Green hydrogen Jobs the future It can provide a link between growing and sustainable electricity generation. Hydrogen is commonly produced from methane which releases greenhouse gases into the atmosphere, contributing to climate change.
This is known as grey or brown hydrogen. Generation of green hydrogen jobs aims to remove greenhouse gas emissions from hydrogen production by manufacturing it using electrolysis powered by renewable energy.
The International Energy Agency (IEA) calculates that hydrogen demand has tripled since the 1970s, and continued growth is forecast.
Hydrogen and energy have a long shared history – powering the first internal combustion engines over 200 years ago to becoming an integral part of the modern refining industry.
It is light, storable, energy-dense, and produces no direct emissions of pollutants or greenhouse gases.

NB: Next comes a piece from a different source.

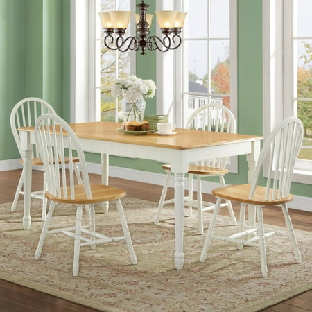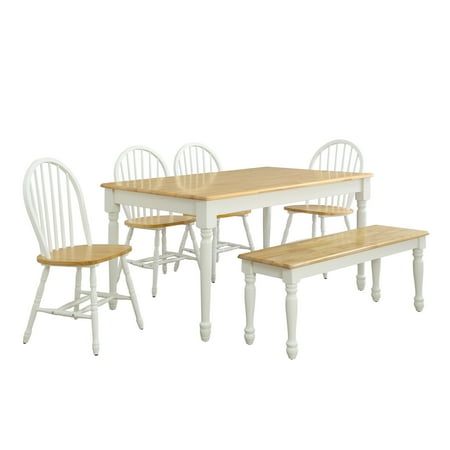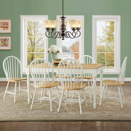 Update your dining room with this spacious Better Homes & Gardens Autumn Lane Farmhouse Dining Table. It features a sturdy design with turned legs crafted from solid wood and sturdy tabletop. The traditional style complements almost any interior decor or furniture style from modern and contemporary to rustic and minimalist and all things in between. The finish provides a versatile look that can work well in a kitchen, dining area, or any other area in the house; it can even be used as a desk in your study or home office. Available in three finish options, you can choose from a two-tone Black and Warm Oak, White and Natural or a solid Black finish. The large table can sit up to six people, making it ideal for entertaining extended family or guests. It is easy to assemble so you can start to enjoy it quickly. Add the Autumn Lane Windsor chairs and Farmhouse bench (sold separately) to this traditional dining table and provide plenty of comfortable seating for everyone.

But hydrogen must be adopted in almost completely absent sectors, such as transport, buildings, and power generation, to significantly contribute to clean energy transitions.

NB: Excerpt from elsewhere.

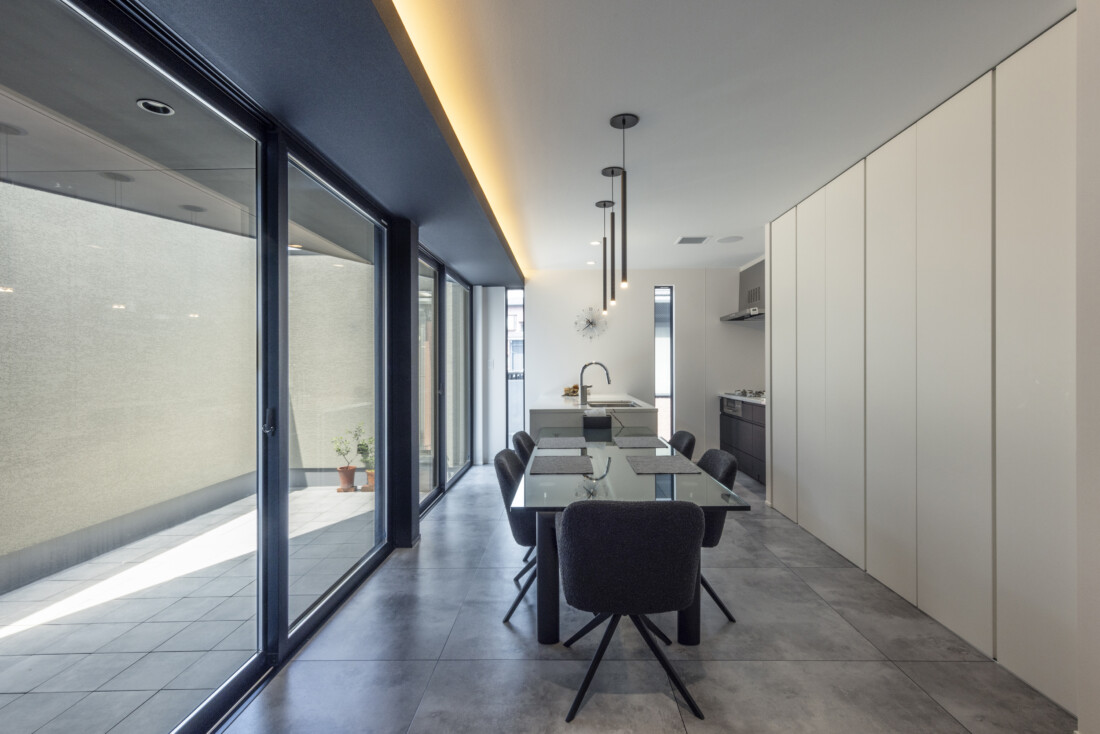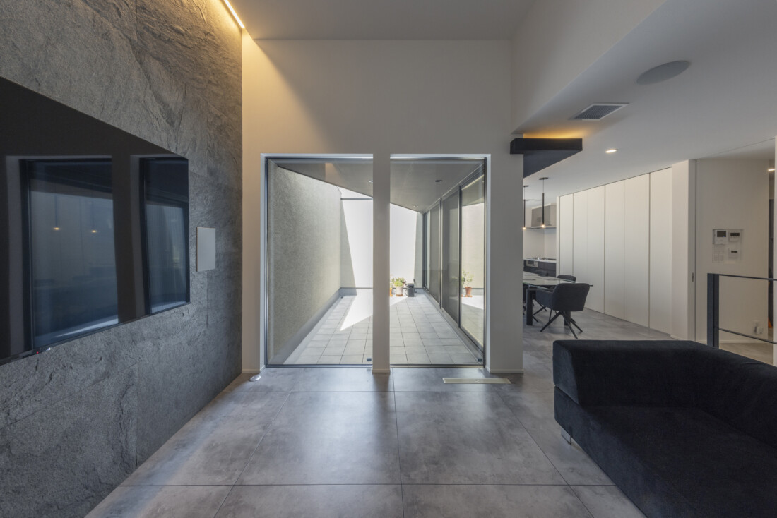 さらに、リビング横にはタイル床の中庭空間を配置。大きな掃き出し窓を介して、どの空間からも中庭を望めるため、室内外が一体となり、実際以上の広がりを感じられます。

The Future of Green Hydrogen Jobs provides an extensive and independent survey of hydrogen that lays out where things stand.
Now, how can hydrogen help achieve a clean, secure, affordable energy future, and how can we realize its potential?
• Future of Green Hydrogen
• Demand Of Hydrogen
• Growing Support
• Hydrogen Production
• Keeping an eye on costs
Demand For Green Hydrogen Jobs:
Supplying hydrogen to industrial users is now a major business worldwide.
Demand for hydrogen, which has grown more than threefold since 1975, continues to rise – almost entirely supplied from fossil fuels, with 6% of global natural gas and 2% of global coal going to hydrogen production.
Growing Support:
The number of countries with policies that directly support investment in Green hydrogen Jobs for technologies is increasing, along with the number of sectors they target.
There are targets, mandates, and policy incentives in place today that direct support Green hydrogen Jobs, with the majority, focused on transport.
Hydrogen Production:
Hydrogen can be extracted from fossil fuels and biomass, water, or a mix of both.
Natural gas is currently the primary source of Green hydrogen Jobs for production, accounting for around three-quarters of the annual global dedicated hydrogen production of around 70 million tonnes. This accounts for about 6% of global natural gas use.
The production cost of hydrogen from natural gas is influenced by various technical and economic factors, with gas prices and capital expenditures being the most important.
Fuel costs are the largest component, accounting for between 45% and 75% of production costs.
While less than 0.1% of global dedicated hydrogen production today comes from water electrolysis, with declining costs for renewable electricity, particularly from solar PV and wind, there is growing interest in electrolytic hydrogen.
Keeping an eye on costs: Dedicated electricity generation from renewables or nuclear power offers an alternative to using grid electricity for hydrogen production.
Conclusion
Green hydrogen is still expensive today, and the business case requires large quantities of cheap renewable energy to be available for production via electrolysis.